Why Don’t We Tell People Not to Drive All The Time?

"Traffic on 520" from our Flickr pool's Great Beyond

You know what’s being compared to Y2K? Los Angeles’s Carmageddon-that-wasn’t. Big hype, not much to worry about. The Los Angeles Times writes:

Life without the 405 Freeway to connect the San Fernando Valley and Westside was remarkable only for what didn’t happen. The canyons of the Hollywood Hills did not become giant parking lots. Hospitals did not go unstaffed. Stranded motorists did not abandon their cars and stagger down the freeways in search of food and water.

The sound of silence wasn’t just on 405. It was everywhere, the paper reports. Enough people stayed home that fans who turned out for the L.A. Galaxy v. Real Madrid soccer match got there “with time to kill.” Cyclists raced–and beat–JetBlue flights from Burbank to Long Beach in #FlightVsBike. “In fact,” recounts Seattle Bike Blog, “the people riding bikes arrived in half the time it took to go through security, fly, then take a cab.”

Seattle, of course, had its own version of Carmageddon in 2007. 19 days of a partially closed I-5, not just a weekend. But at the end, out came the Y2K comparison: “Traffic got a little worse later in the first week — but remained far better than average, despite slowdowns through the construction zone. […] Now that we know how the story turned out, it’s tempting to poke fun at all the dire predictions,” wrote Clark Williams-Derry in the Seattle Times.

Williams-Derry works for Sightline, the lovable gang of wonks who hold forth on transportation policy issues, among many other things, and naturally Sightline has connected the dots on this latest example of “carhead“–the mindset that cars drive people, rather than the other way around.

"mercer mess" from our Flickr pool's Chris Blakely

They are quick to emphasize that Los Angeles only had to garage their cars for a weekend–no one is claiming that cars are unnecessary. It’s just that people drastically underestimate how many car trips are unnecessary, and how flexible our roadway system actually is. That’s why it’s not surprising to read in the Seattle Times, the same paper that chronicled the non-event of a two-weeks-plus bottleneck on I-5: “Constantine warns of gridlock if tunnel, light rail projects are blocked.”

Seattlepi.com argues the gridlock  counterpoint:

Tunnel proponents say without the project, tens of thousands of cars will clog downtown Seattle streets. Opponents, who favor a surface option with transit improvements, say the same thing, pointing to studies that show drivers will avoid the tunnel because of tolls and make downtown a mess.

But here’s the thing about such assertions – more often than not, they are overblown.

To my mind, it’s not enough to learn that given time and guidance, people can adapt–if indeed you needed to learn that.
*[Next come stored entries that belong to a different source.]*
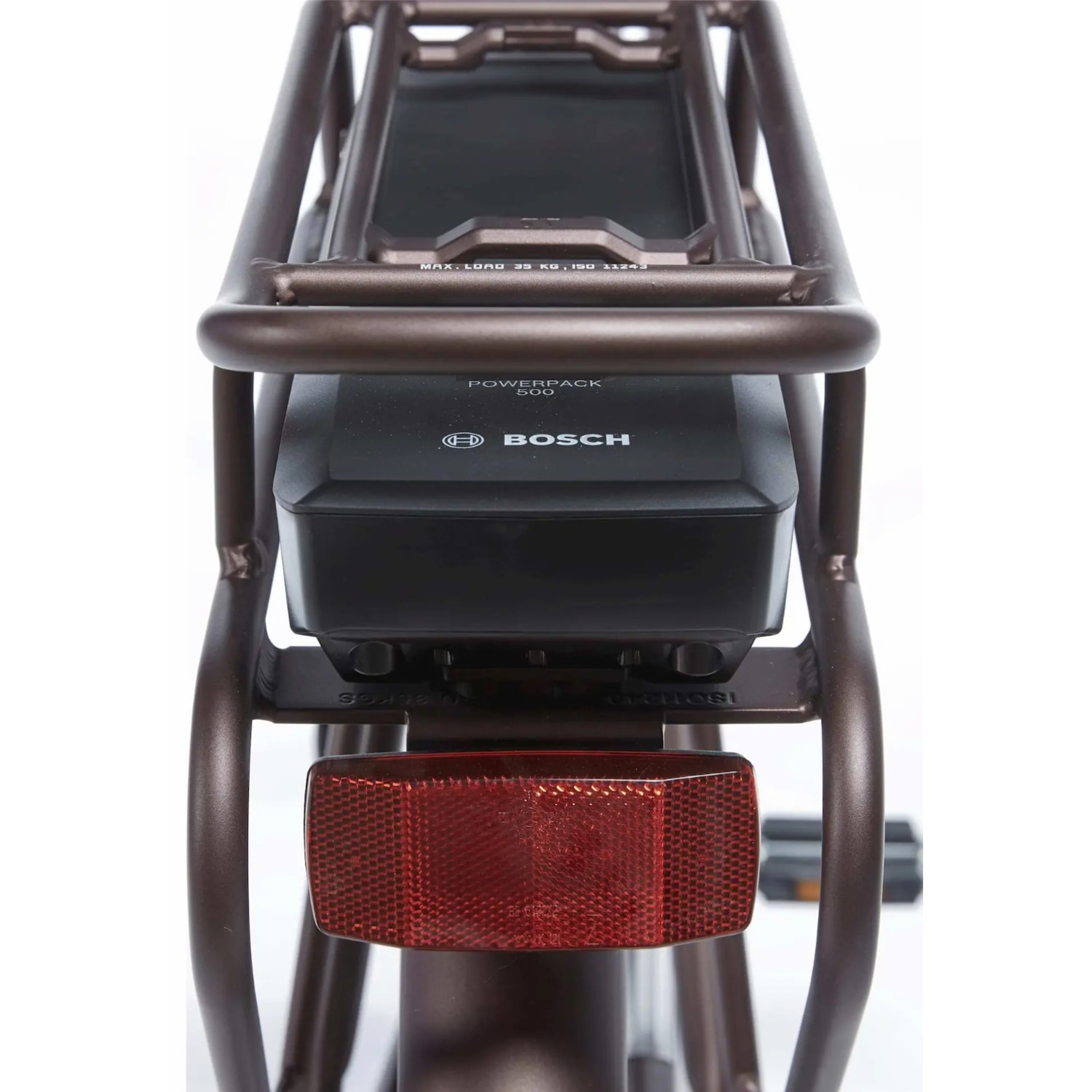 - La batterie 500 Wh atteint jusqu’à 100 km, selon le poids transporté et le niveau d’assistance.
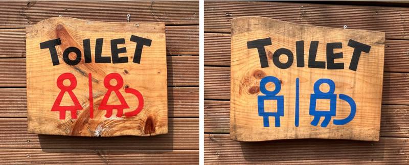 남이섬 화장실 표지판을 보면 영어 표기 없이 그림만으로 남녀를 구분하고 있다. 문제는 이 그림이 국제적으로 통용되는 방식과 다르다는 데 있다.
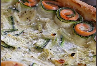 Ingrédients1 pâte feuilletée1 courgette1 gros oignon120gr de Saumon fumé2 oeufs
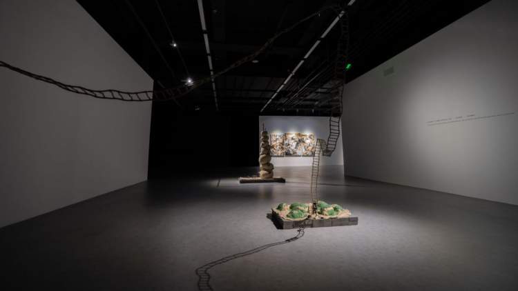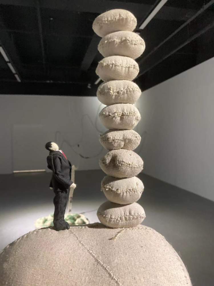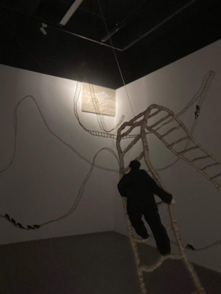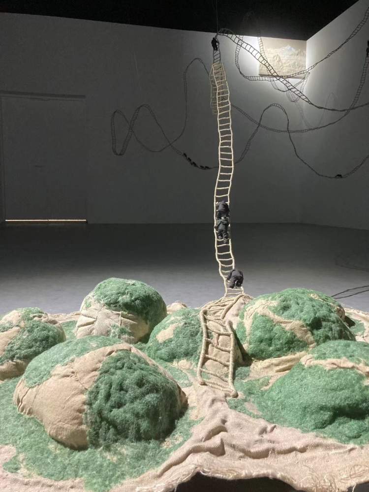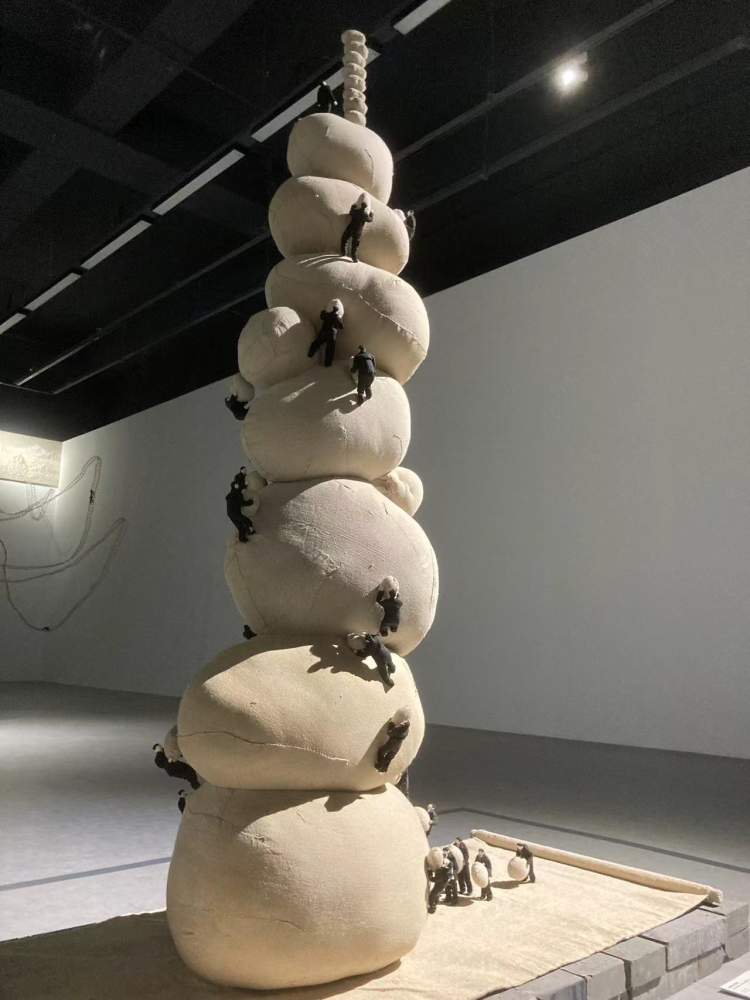 艺术家计文于和朱卫兵的装置作品《圣山不远》和《没有最高,只有更高》为山赋予了更多的意义。这里的山,可能是指一座自然的山,而人生也可能是一座山,社会也可能是一座山。艺术家创作了很多小人在山路上爬,每个人观看时,都会产生自己的理解。
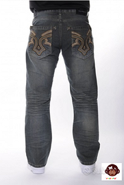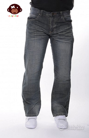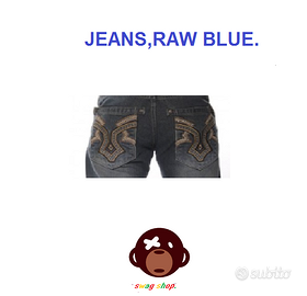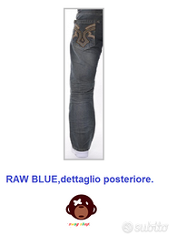 Jeans Hip Hop,Skater,modello straight fit,Stretch Ringspun,marca Raw Blue misura Tg: 28/30 americana,equivalente alla misura Tg:42/44 Italiana,color blue oil,materiale 100% cotone,tessuto jeans,decorazione tasche posteriori ricamate con motivo tribale,chiusura a bottoni,e cerniera lampo(zip).
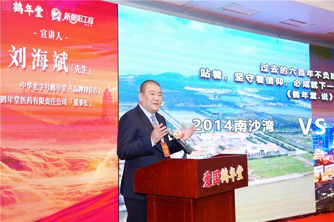 随后,中华老字号鹤年堂品牌持有方、北京鹤年堂医药有限责任公司董事长刘海斌先生登台。他深刻阐释了鹤年堂六百年“上医医国,先医良心”的浩然正气。他亲手写下的主题——“孩子太苦了,爸妈再出征”,不仅是一句口号,更是一封来自长辈的深情回信,旨在让长者的智慧再次出发,为奋斗中前行的年轻人点亮脚下的路,构建起老、中、青三代人并肩作战的和谐图景。

It’s more important than ever, given the skyrocketing cost of new transportation projects, to learn that conservation is the cheapest way to get capacity back. It’s true of our energy grid, it’s true of our transportation grid. For more than a decade, Seattle has been falling behind on maintenance of its existing road system while spending money on new projects and “fixes.” But even shortchanging maintenance until bridges are closed has not been enough.

To fill the gap for new projects, government has turned to tolls. You could call the next decade in Seattle “The Decade of Tolls” if you wanted–just about every project calls for tolling, and tolls will likely be implemented elsewhere than on new projects to keep people from clogging older roads. (Deep-bore tunnel boosters are in the difficult position of trying to work out how much toll is enough to pay for the tunnel while not sending so many drivers onto I-5 and city streets that enough money is still not raised.)

But what if people were simply told–not tolled–not to drive if they didn’t have to? What if driving aimlessly, or frivolously, was viewed the same way as leaky faucets and leaving the fridge door open? (I, too, get a little shiver just thinking about how radical this is.)

I think it’s likely that we will still find some projects pencil out and deserve to be built. But I think it’s also true that (as you read in “Dude, Where Are My Cars?”) that people are driving less, and younger people are organizing their transportation less around cars (Williams-Derry again! He’s everywhere!).

If you could save billions of dollars right now simply by asking people to drive less, billions you could use to make sure existing roads are safer, last longer, would you bother? So far, no one in political leadership seems to think it’s worth trying, despite the sometimes astonishing results. For the last word, here’s Albert Brooks on Twitter:

Breaking News: S.F. now considering tearing down Golden Gate to ease their traffic.